President Sabit’s eyes were black and very small, made to look smaller by the predatory beak of a nose that hooked down towards a lizard mouth. He was every inch the picture of an evil dictator. He was a living cliché; but a very dangerous one, and one Pan and his colleagues had learned not to underestimate. Pan exhaled smoke towards the screen while the rest of his wild bunch listened with casual interest.

The Wild Bunch. The Dogs. The Kill Crew. The Pack.

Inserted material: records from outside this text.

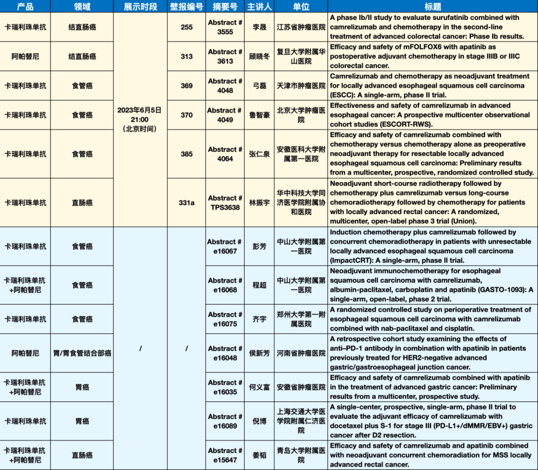 在消化道腫瘤(liu)領域,卡(ka)瑞利珠單抗和阿(a)帕替尼(ni)共(gong)有13項(xiang)(xiang)(xiang)研究(jiu)入選(包括6項(xiang)(xiang)(xiang)壁報(bao)展示和7項(xiang)(xiang)(xiang)線上發(fa)表)。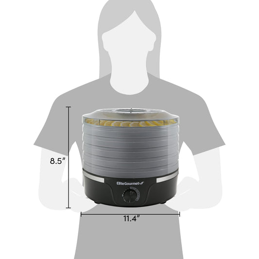 Elite Gourmet EFD319DKG Food Dehydrator, 5 BPA-Free 11.4" Trays Adjustable Temperature Controls, Jerky, Herbs, Fruit, Veggies, Dried Snacks, Black and Grey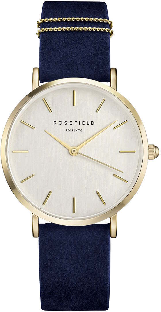 Rosefield West Village WBUG-W70 Velvet Blue - Gold -kellon rannekeessa on kauniina yksityiskohtana siro metalliketju. Mallissa on tummansininen nupukkinahkainen ranneke, kullanvärinen runko ja hopeanvärinen kellotaulu. Kellon rungon leveys on 33mm ja paksuus 7mm. Rannekeessa on solkilukko ja se on säädettävissä välillä 12-16cm.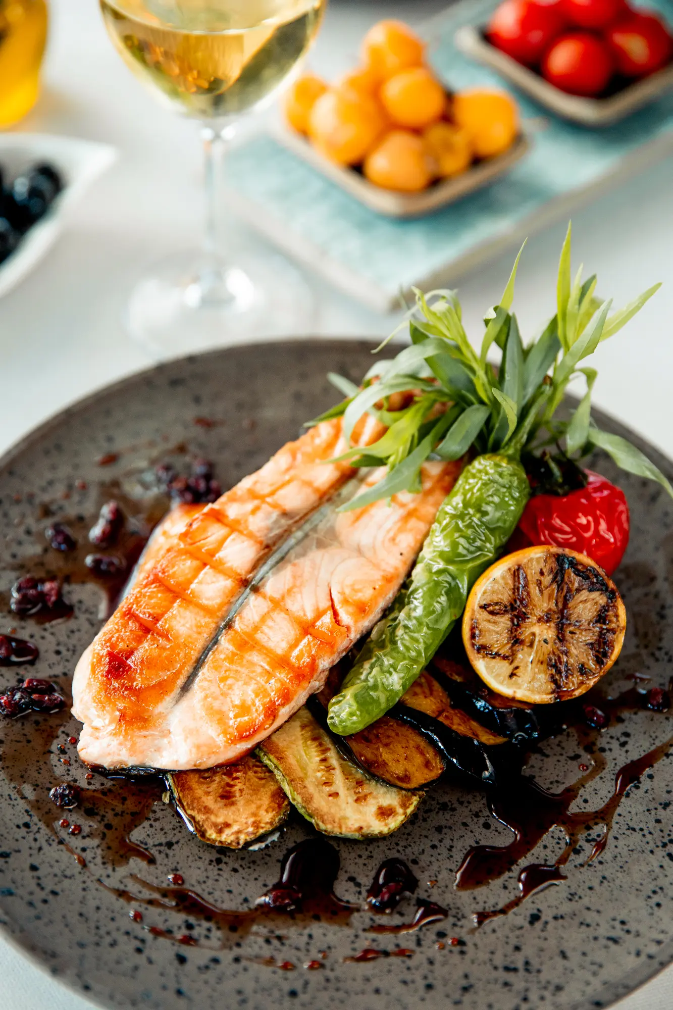 Lachsfilet gegrillt in Lugana – Safransauce, mit Beilage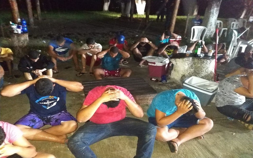 Além da aglomeração, proibida durante a pandemia do novo coronavírus, imagens mostram pessoas sem máscaras de proteção. Grupo participava da festa — Foto: PM/SE/Divulgação Na noite...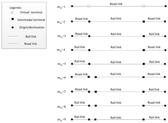 Let’s consider a case with one supplier and one drill site. Here we only consider two kinds of transportation modes, rail and road, denoted as u. There are nine alternative transport services illustrated in Figure 2, including unimodal road transport service ( = 1), traditional intermodal transportation services ( = 2, 3, 4 and 5) and collaborative transportation services ( = 6, 7, 8 and 9), where consolidation are made in some original terminals. Services = 1, 2, 3, 4 and 5 have three stages (links) ( = 1 have three stages with virtual terminals) and services = 6, 7, 8 and 9 have four stages (links). Here, we only consider rail transportation as the transshipment link and the long-distance link.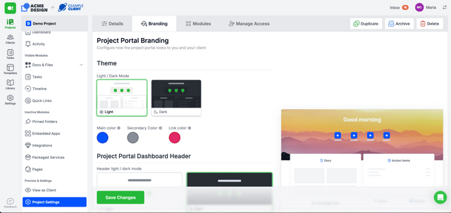 Impress clients with customizable project portals that match their logo, colors, images, and fonts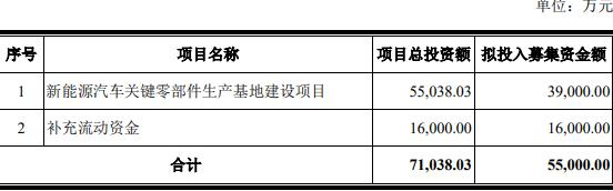 公司本次发行拟募集资金总额不超过55,000.00万元(含55,000.00万元),扣除发行费用后,募集资金拟投资于新能源汽车关键零部件生产基地建设项目、补充流动资金。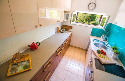 Surrounded by a lush Mediterranean garden, palm, olive and fig trees you will love the large patio surrounding the entire house overlooking the fisherman village of Maslinica. Offering a stress free atmosphere the accommodation is ideal for an escape from everyday life stressors and thus becomes an ideal place for families with children or couples. Take the time to re-connect with nature and peaceful environment. Salute the new day with the first morning coffee on the fully furnished outdoor lounge area.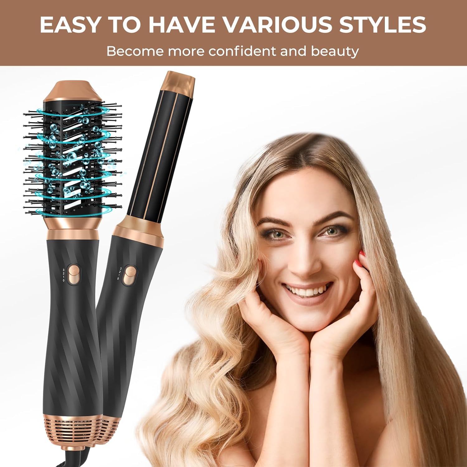 6 IN ONE BLOW DRYER BRUSH FOR WOMEN: Multifunctional hair dryer brush allow you easily become your own stylist and create various styles you want. Hair dryer brush set includes 1*hair dryer, 1*hair straightening brush, 2*left right hot air curler, 1* Styling Brush for straightening and volumizing, 1*Massage hot air brush for daily combing , 1* heat-resistant glove. It is easy to change brush heads just by pressing the button.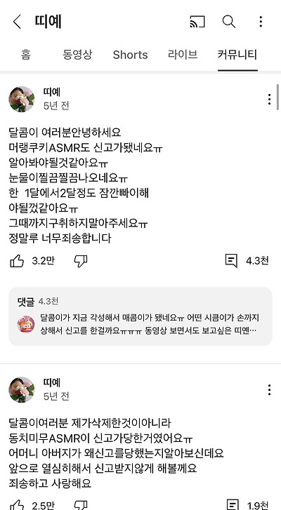 누군가 질투해서 띠예 영상이 다 없어지고 그러기도 함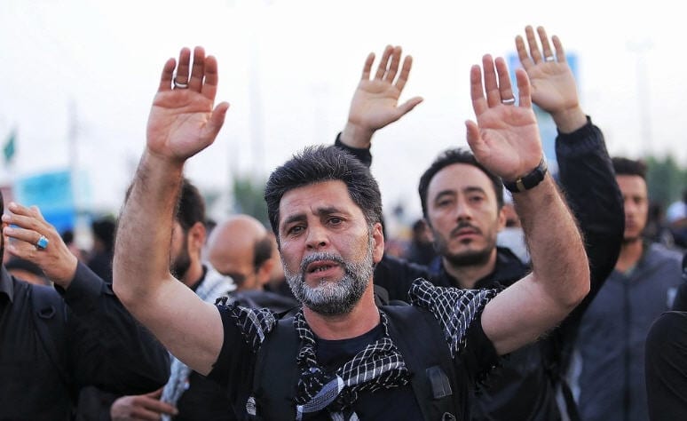 “لبّيك داعي الله.. لبّيك يا حسين.. لبّيك يا شهيد”.

They went under many names.

There was Clown: the right side of his mouth curled up into a permanent smile by the knife scar that gave him his name. The scholar of the bunch, he tended to distance himself from his colleagues by immersing himself in philosophical texts. Rimless eyeglasses gave him a distinctly demented appearance.

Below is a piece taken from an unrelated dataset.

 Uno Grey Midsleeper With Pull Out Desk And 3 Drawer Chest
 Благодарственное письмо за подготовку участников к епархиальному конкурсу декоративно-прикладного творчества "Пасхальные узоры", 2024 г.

There was Pretty Boy: bisexual, deadly, always wore black lace over his shining black leather; eyes underscored with just a little touch of liner. But call him effeminate and it would be the last thing you ever did. And yes, he
was
pretty. Dyed black hair thick and wavy, cheekbones raw but sleek, a sensuous mouth, and not a scar on him.

There was Bass: light-brown hair slicked back with oil, cigarette tucked behind one ear, always wore dated sleeveless army shirts; quiet, polite, could take a man’s head off with one slice of his Bowie knife.

There was Twist: psychedelia and psychosis were his thang. The least stable of the bunch, thanks to his predilection for every psychoactive drug he could get his fingers on. He was a liability, and he was the only one not to know it. His hair was falling out on top, lank and long around this warning sign of baldness. When he wasn’t babbling incoherently, he took to staring vacantly. But he could kill, so he was still useful. For now.

That left Saw and Grave. Saw was a big monster of a man, bearded, face a mask of scars. One of his eyes had been dislocated by a Burster, and thanks to what was obviously the cruel humour of a plastic surgeon, it was now situated halfway down his cheek. Of course the surgeon had not lived long to enjoy his little joke. This Dog’s weapon of choice was a chainsaw.

Grave was always in black.

‘The expedition was apparently attacked while visiting Akima village,’ Sabit continued. ‘The military will be deployed to suppress any rebel activity in the area. We have heard an account of what happened from the only tourist to survive the attack. You will doubtless hear something of its content, and you will ignore it. The man is suffering from trauma and this has coloured his memory. Mummies do not come to life, and there’s an end to it. This is obviously an elaborate Papul Resistance trick to engage local and maybe offworld support. I have instigated measures to ensure word of this does not spread: I do not want lucrative Papul tourism to suffer as a result of this affair.’

Some of the Dogs sniggered. They had not heard anything about the attack. But Sabit being apparently concerned about

‘mummies coming to life’ was enough to earn him a derisive toss of a cigarette butt that bounced off his face on the screen.

Sabit was continuing to talk on the recorded message and Pan yelled at his colleagues to shut up.